Climate change poses a severe economic challenge to our future. Aside from direct losses due to floods, earthquakes and droughts, there are potentially substantial losses involved in financing the green revolution. Not only does capital need to be allocated for new technologies to reduce emissions, but there may be losses arising from existing capital investment in infrastructure and assets that are no longer needed. All of which will involve a massive re-allocation of financial flows. One of the big questions besetting the world economy now is how fast can this be done in such a way that it does not cause financial instability?
This was also one of the questions that a postgraduate student team wrestled with at the 6th Financial Mathematics Team Challenge (FMTC) hosted by the African Institute of Financial Markets and Risk Management (AIFMRM) at UCT this July. This annual event assembles teams of talented students from global universities to solve pressing real-world problems – and the scope of the challenges they engage with are indicative of the all-pervasiveness of mathematics in the world today.
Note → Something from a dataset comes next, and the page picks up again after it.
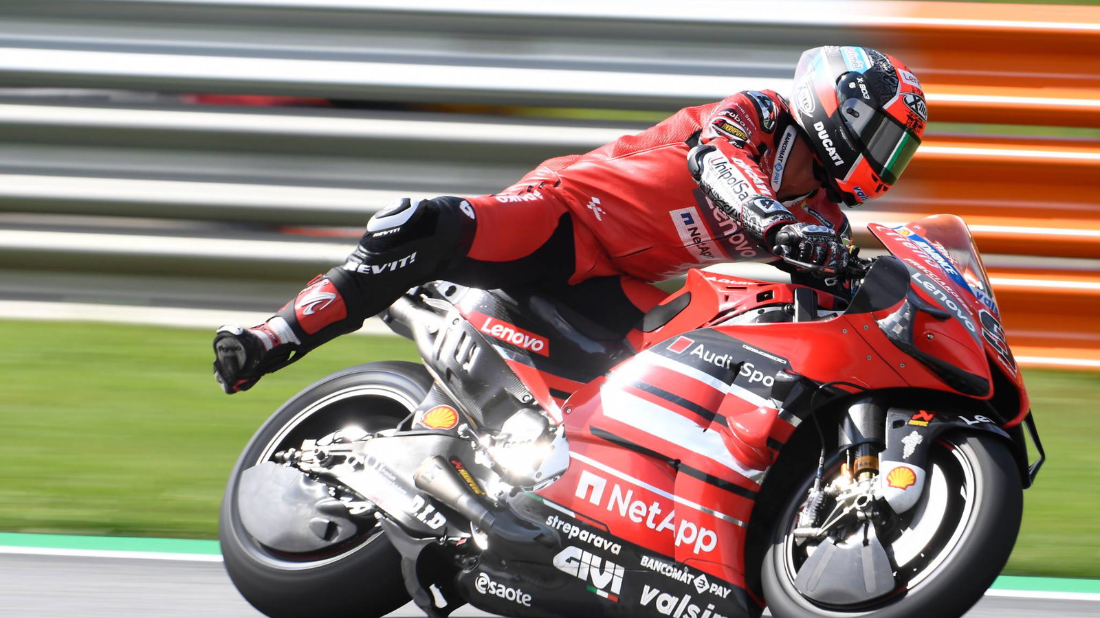 Adding to the braking complications for Petrucci is that he's unable to use the rear to stop the bike.
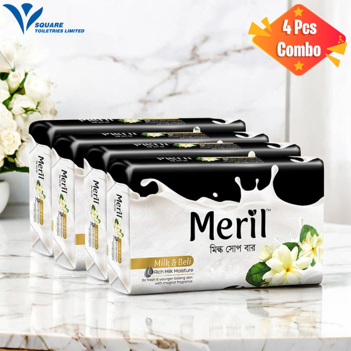 Meril%20Milk%20&%20Beli%20Soap%20Bar%20Quad%20Pack%20(100gm%20x%204)%20-%20Image%201

Mathematics is an essential component in understanding the science of climate change and most other areas of commerce and industry. Professor Matheus Grasselli, Chair of the Department of Mathematics and Statistics at McMaster University in Canada, says that his team of FMTC students examined and analysed the many variables of climate change, and the complex interactions between them and the economy. Any plausible model resulting from their efforts may provide a mechanism to manage the effect. “This is essential for proposing policy changes or providing scenario planning for industry.”
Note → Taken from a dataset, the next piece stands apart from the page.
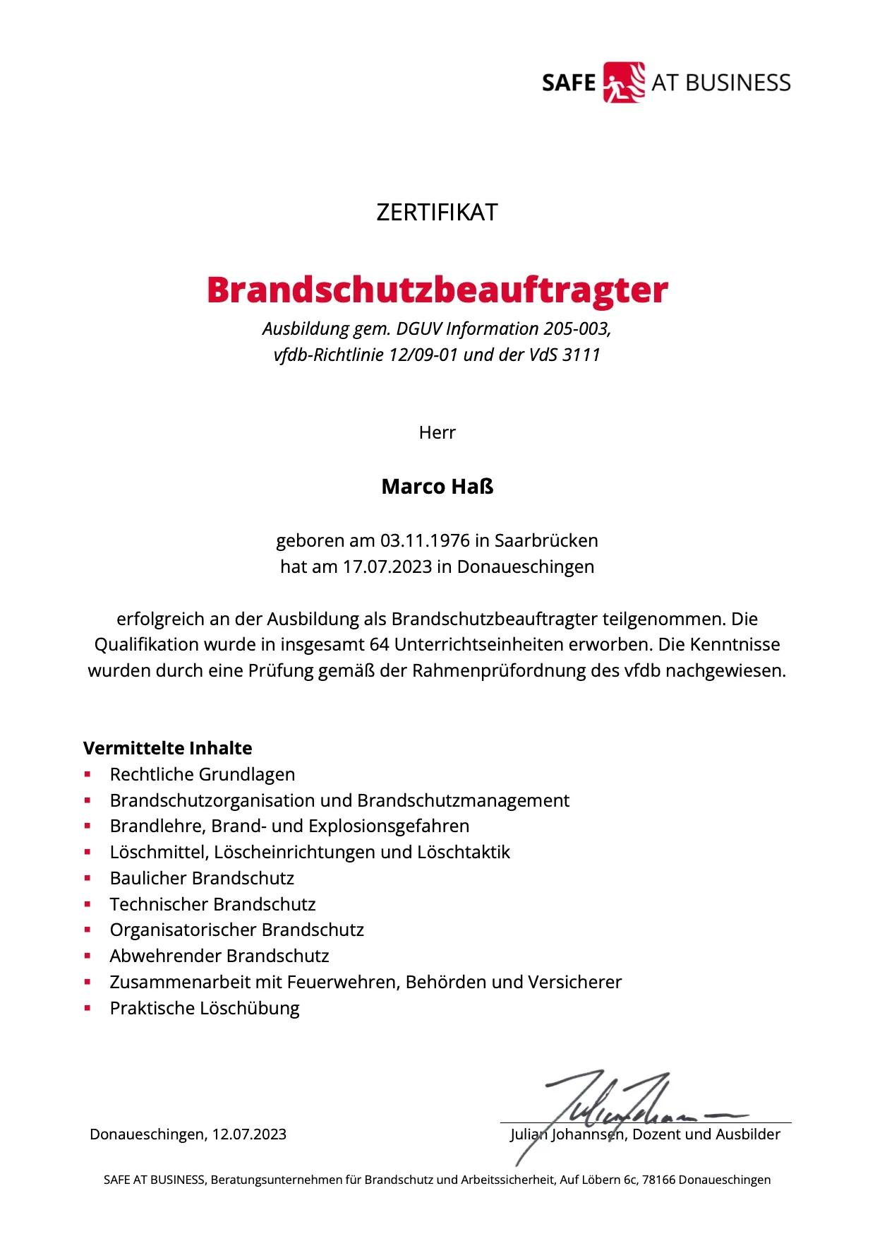 Brandschutzbeauftragter

You might think that this work is highly specialised and has nothing to do with securing a “regular job” or choosing a career in a creative field. However, the days of only needing a good mathematics degree for a career in the financial sector are gone, says Professor Andrea Macrina, Director of the Financial Mathematics programme at University College London and Adjunct Professor at AIFMRM.
Today’s world is dependent on technology – and the mathematical skill that underpins it, he asserts. “This is completely pervasive. For example, social media is a gigantic mathematical machine, and any business needs people who understand how it works. In the UK, large online retailers are hiring or consulting mathematicians and statisticians – not marketing specialists or graphic designers – to understand their target market better and how to reach them.”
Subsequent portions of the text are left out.